(Collected data entries)
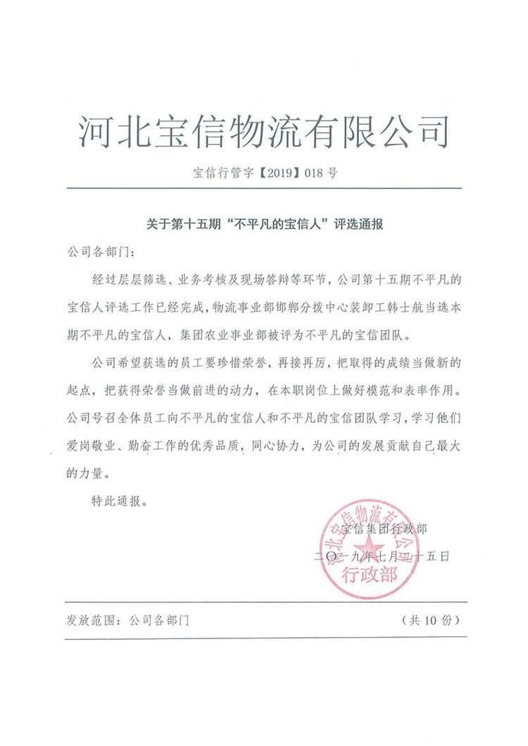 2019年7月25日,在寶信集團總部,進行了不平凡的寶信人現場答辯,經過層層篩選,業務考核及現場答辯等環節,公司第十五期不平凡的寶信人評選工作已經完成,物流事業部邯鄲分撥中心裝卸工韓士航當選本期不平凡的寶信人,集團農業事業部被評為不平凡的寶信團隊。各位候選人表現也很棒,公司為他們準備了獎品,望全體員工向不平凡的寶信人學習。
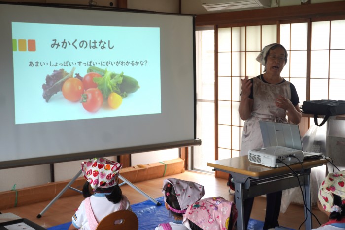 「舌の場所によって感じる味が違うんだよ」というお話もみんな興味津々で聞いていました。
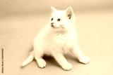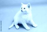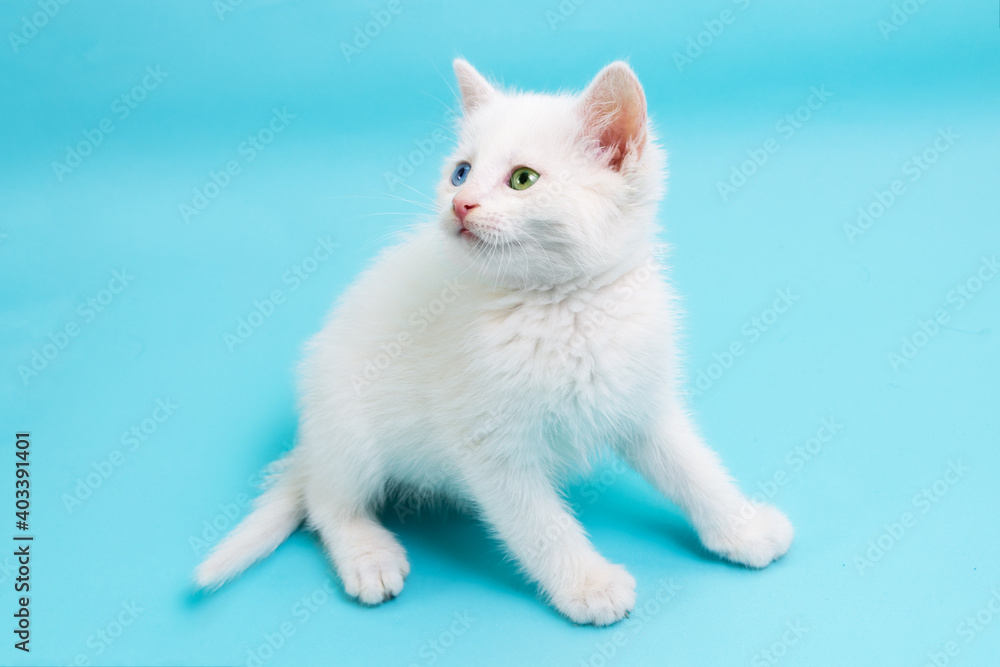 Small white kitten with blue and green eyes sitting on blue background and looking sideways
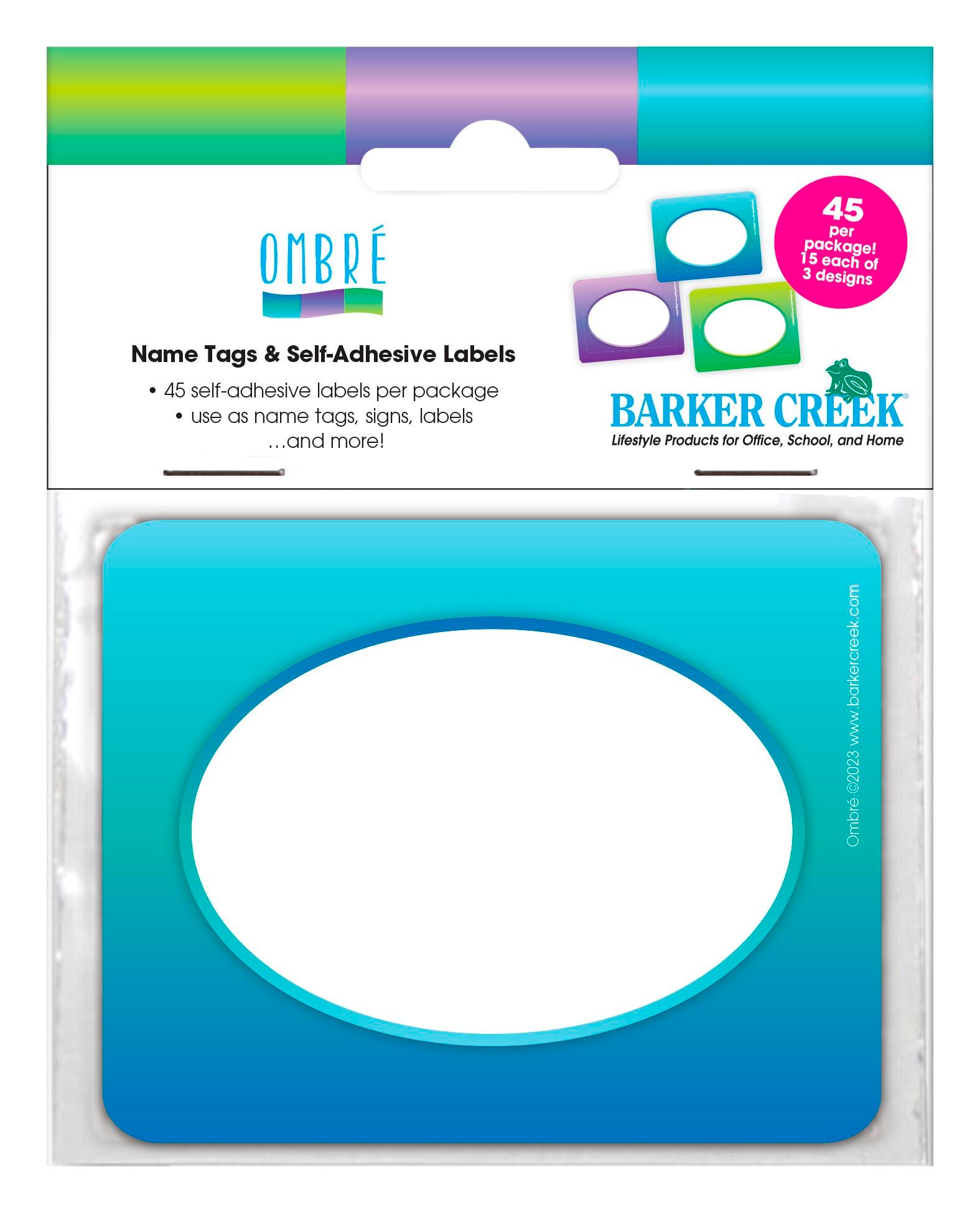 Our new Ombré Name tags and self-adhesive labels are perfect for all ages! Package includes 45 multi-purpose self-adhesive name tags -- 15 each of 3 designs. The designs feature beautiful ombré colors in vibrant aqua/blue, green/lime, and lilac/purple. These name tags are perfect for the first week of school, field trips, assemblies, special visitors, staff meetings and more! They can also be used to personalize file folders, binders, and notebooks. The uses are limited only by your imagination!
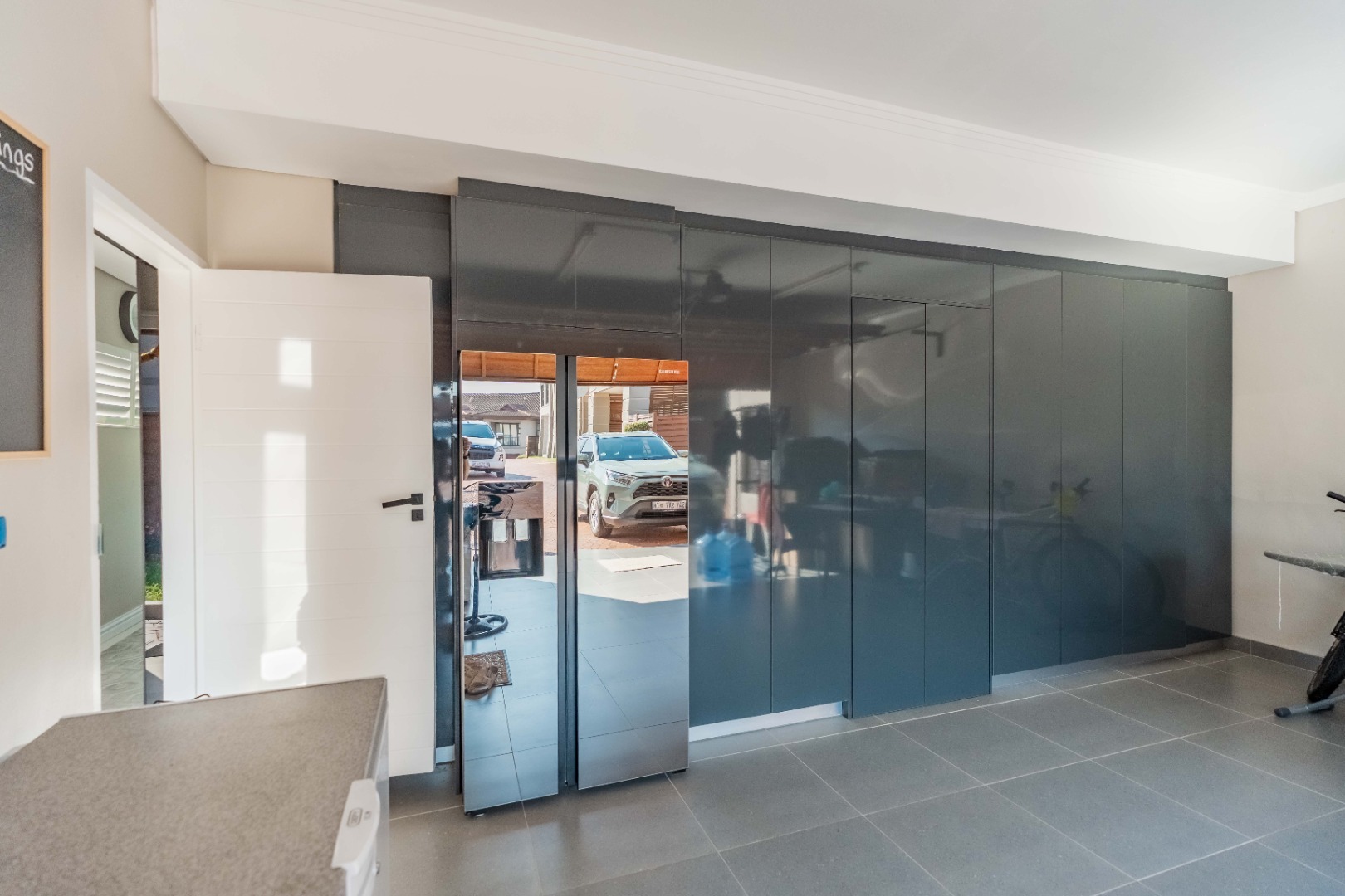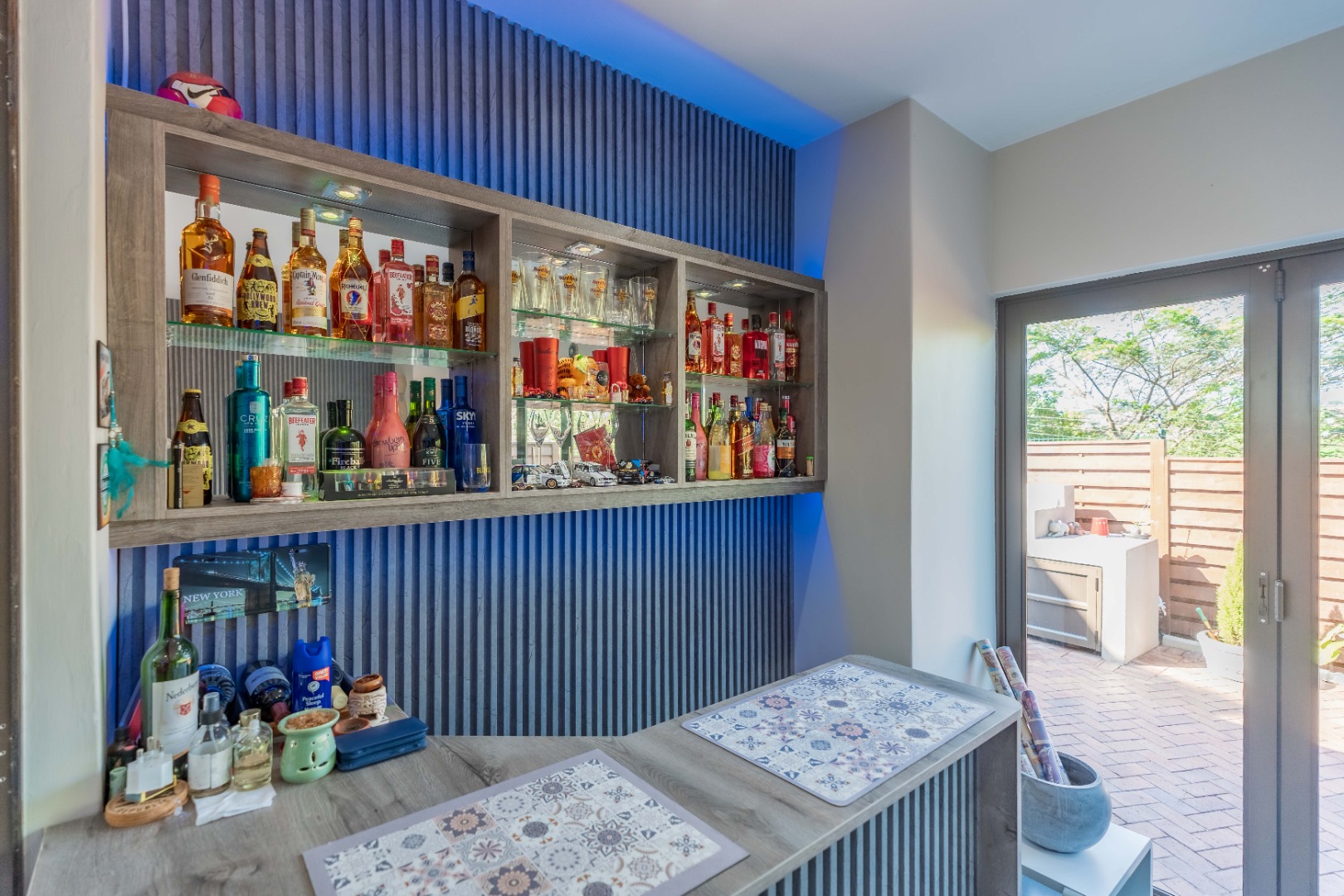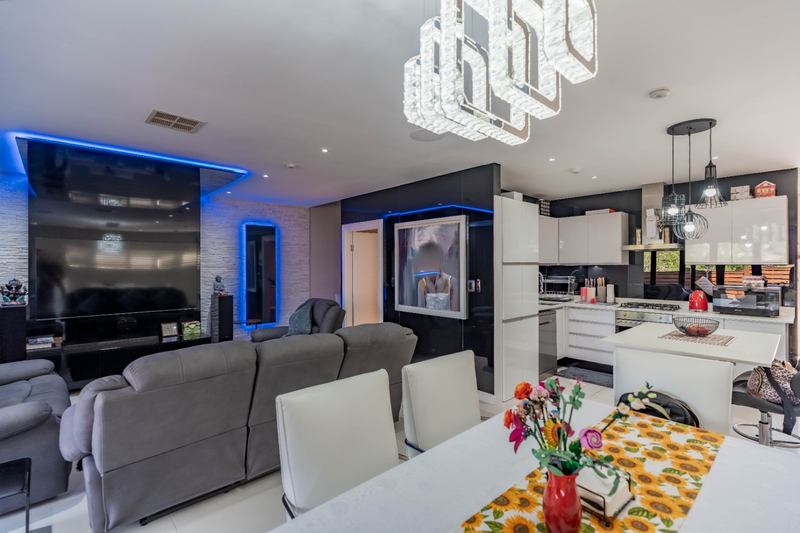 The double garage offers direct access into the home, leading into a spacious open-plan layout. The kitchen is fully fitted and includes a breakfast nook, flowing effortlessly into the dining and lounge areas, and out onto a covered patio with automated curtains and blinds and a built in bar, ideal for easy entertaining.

● **INSTRUCTIONS FOR THE TASK**
Retype, exactly and only, the lines from the one containing "Our new Ombré" through the end of the entries, both ends included, and omit all pictures.

● **EXERCISE RESULT**
 Our new Ombré Name tags and self-adhesive labels are perfect for all ages! Package includes 45 multi-purpose self-adhesive name tags -- 15 each of 3 designs. The designs feature beautiful ombré colors in vibrant aqua/blue, green/lime, and lilac/purple. These name tags are perfect for the first week of school, field trips, assemblies, special visitors, staff meetings and more! They can also be used to personalize file folders, binders, and notebooks. The uses are limited only by your imagination!
 The double garage offers direct access into the home, leading into a spacious open-plan layout. The kitchen is fully fitted and includes a breakfast nook, flowing effortlessly into the dining and lounge areas, and out onto a covered patio with automated curtains and blinds and a built in bar, ideal for easy entertaining.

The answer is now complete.